To determine the pH of the solution containing sodium acetate and acetic acid, we need to consider the acid-base equilibrium of the acetic acid and its conjugate base, acetate ion.

The dissociation reaction of acetic acid can be represented as:
CH3COOH ⇌ CH3COO- + H+

Given that the pKa of acetic acid is 4.57, we can determine the equilibrium constant (Ka) using the formula:
Ka = 10^(-pKa)

Substituting the given pKa value, we get:
Ka = 10^(-4.57)

Now, we need to determine the concentrations of acetic acid and acetate ion in the solution.

For acetic acid:
Concentration (C1) = 0.01 M

For acetate ion:
Concentration (C2) = 0.10 M

Since acetic acid and sodium acetate are present in equal volumes (50 mL each), the initial concentrations can be considered the same as the final concentrations.

Next, we need to calculate the concentrations of H+ and CH3COO- ions in the solution.

Let's assume that x moles of acetic acid dissociate to form x moles of H+ ions and x moles of CH3COO- ions.

Therefore, the equilibrium concentrations can be written as:
[H+] = x
[CH3COO-] = x

The equilibrium concentration of acetic acid can be written as:
[CH3COOH] = C1 - x

Using the equilibrium constant expression, we can write:
Ka = [CH3COO-][H+]/[CH3COOH]

Substituting the values, we get:
10^(-4.57) = x*x/(C1 - x)

Since the initial concentration of acetic acid is much greater than x, we can assume that C1 - x ≈ C1.
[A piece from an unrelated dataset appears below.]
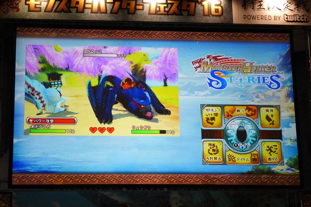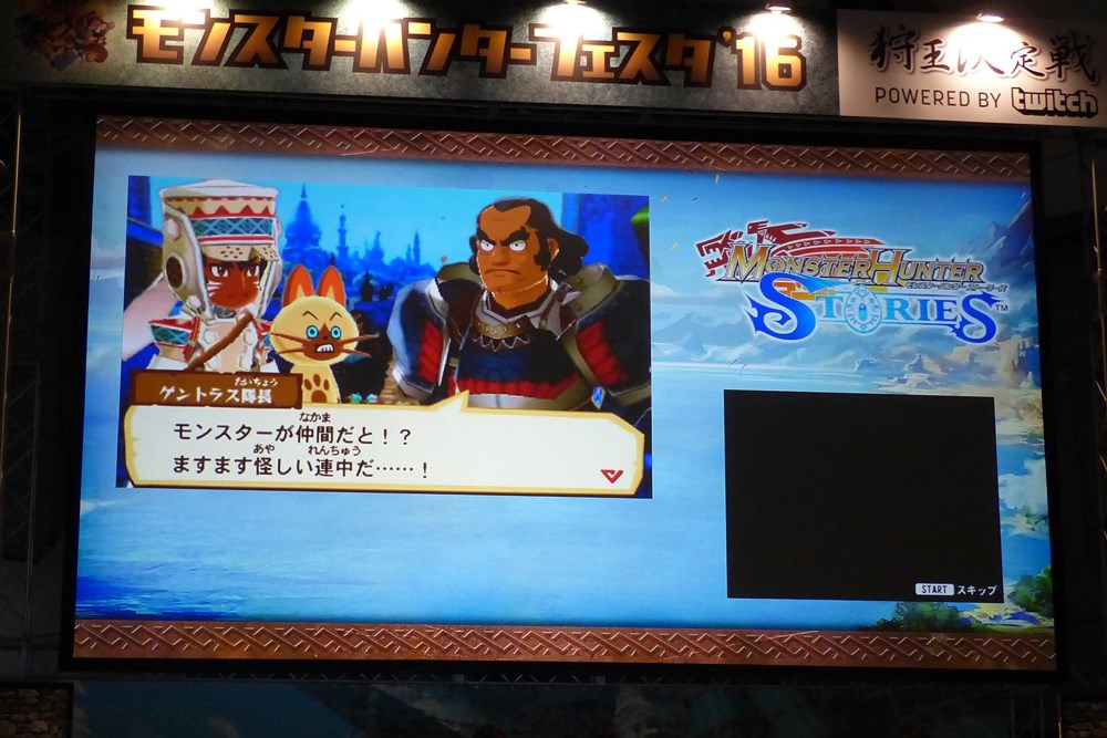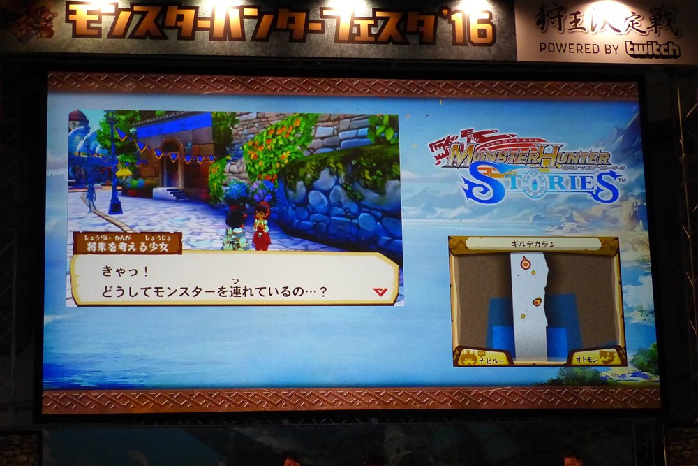 Japanese websites also have some photos up of Monster Hunter Stories from Monster Hunter Festa this past weekend where the game received a new trailer (and apparently an on-stage demo). Find some off-screen images below.

Simplifying the equation, we get:
10^(-4.57) = x^2/C1

Now, solve for x:
x^2 = 10^(-4.57) * C1
x = √(10^(-4.57) * C1)

Substituting the values of C1 and solving, we find:
x ≈ 0.000316 M

Since the concentration of H+ ions is equal to x, the pH of the solution can be calculated as:
pH = -log[H+]
pH = -log(0.000316)
pH ≈ 5.50

Therefore, the pH of the solution containing 50 mL each of 0.10 M sodium acetate and 0.01 M acetic acid is approximately 5.50, which is closest to option 'D' (5.57).